Because the circuit court lacked jurisdiction in this case, its acts and proceedings were null and void. Fox, supra at 242, 134 N.W.2d 146. Accordingly, we are compelled to vacate the circuit court's ruling and reinstate the decision of the revenue commissioner.

NOTES

[1] An additional amendment took effect on July 25, 1997. The 1997 amendment was not relevant to the instant case.

[2] The amended statute specifies that for the 1995 tax year (the year at issue in the instant case), a qualified institution must certify that its fees and tuition rates will not increase "by more than the annual average percentage increase in the United States consumer price index in the immediately preceding tax year." See M.C.L. § 206.274(8)(b)(iv); MSA 7.557(1274)(8)(b)(iv). Except for the inclusion of fees in the cost increase calculation, this language parallels the language in the statute as it existed before the 1996 amendment.

[3] Indeed, no one contested that petitioner had standing to pursue the instant case.

[4] We note that M.C.L. § 205.22(1); MSA 7.657(22)(1) was amended by 1993 PA 13, which, among numerous other things, added the term "taxpayer." Before the 1993 amendment, M.C.L. § 205.22(1); MSA 7.657(22)(1) indicated that "[a] person aggrieved by an assessment, decision, or order of the department may appeal ... to the tax tribunal ... or to the court of claims" (emphasis added). See 1980 PA 162, § 22(1). The legislative analysis of 1993 PA 13 did not mention an intent to limit appeals in the Tax Tribunal or the Court of Claims to only actual taxpayers as opposed to entities acting on behalf of taxpayers. See House Legislative Analysis, HB 4104, September 10, 1993. Accordingly, we do not believe the statutory amendment evidences an intent to make such a limitation. Indeed, there could have been other reasons—such as making clear that corporate taxpayers could appeal to the Tax Tribunal—for changing the term "person" to the term "taxpayer." Moreover, even if the Legislature, by enacting 1993 PA 13, did intend to limit appeals in this way, the fact remains that M.C.L. § 205.22(1); MSA 7.657(22)(1) must be read in conjunction with M.C.L. § 205.779(3); MSA 7.650(79)(3), and the latter statute grants the Tax Tribunal jurisdiction over the instant case. See Webb, supra at 274, 580 N.W.2d 884. The 1993 amendment does not influence our holding today.
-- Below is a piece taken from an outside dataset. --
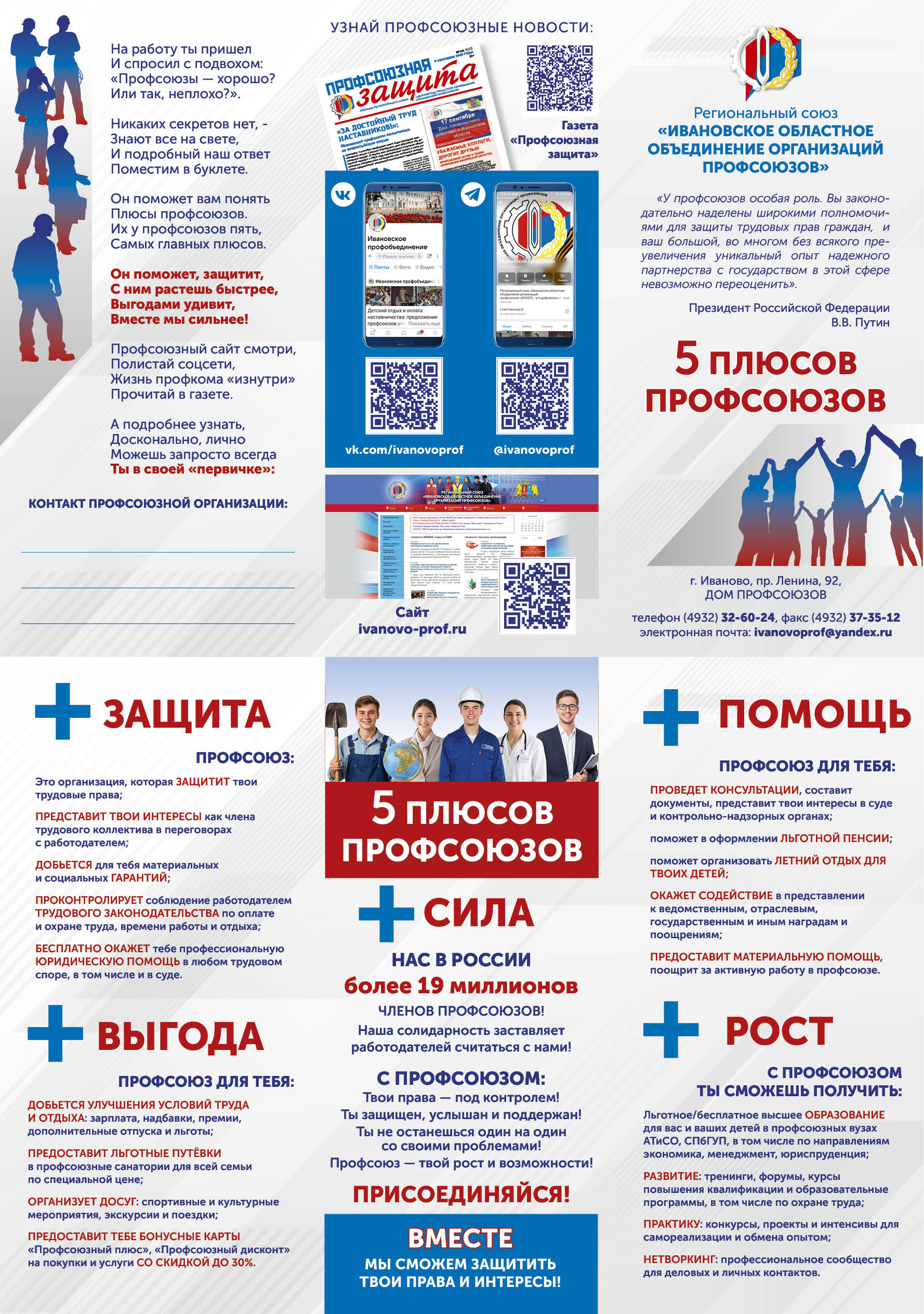 Лифлет "5 Плюсов профсоюзов"

[5] We acknowledge that some earlier cases could leave the impression that the Tax Tribunal's jurisdiction is limited to proceedings involving the property tax laws. See, e.g., Wikman, supra at 631, 322 N.W.2d 103, Beattie, supra at 33, 403 N.W.2d 490, and Johnston, supra at 205-206, 441 N.W.2d 41. However, none of these cases squarely addressed whether M.C.L. § 205.779; MSA 7.650(79) grants the Tax Tribunal jurisdiction over matters formerly appealable to the State Tax Appeals Board and unrelated to property tax laws; therefore, we do not believe they constitute binding authority in the instant case.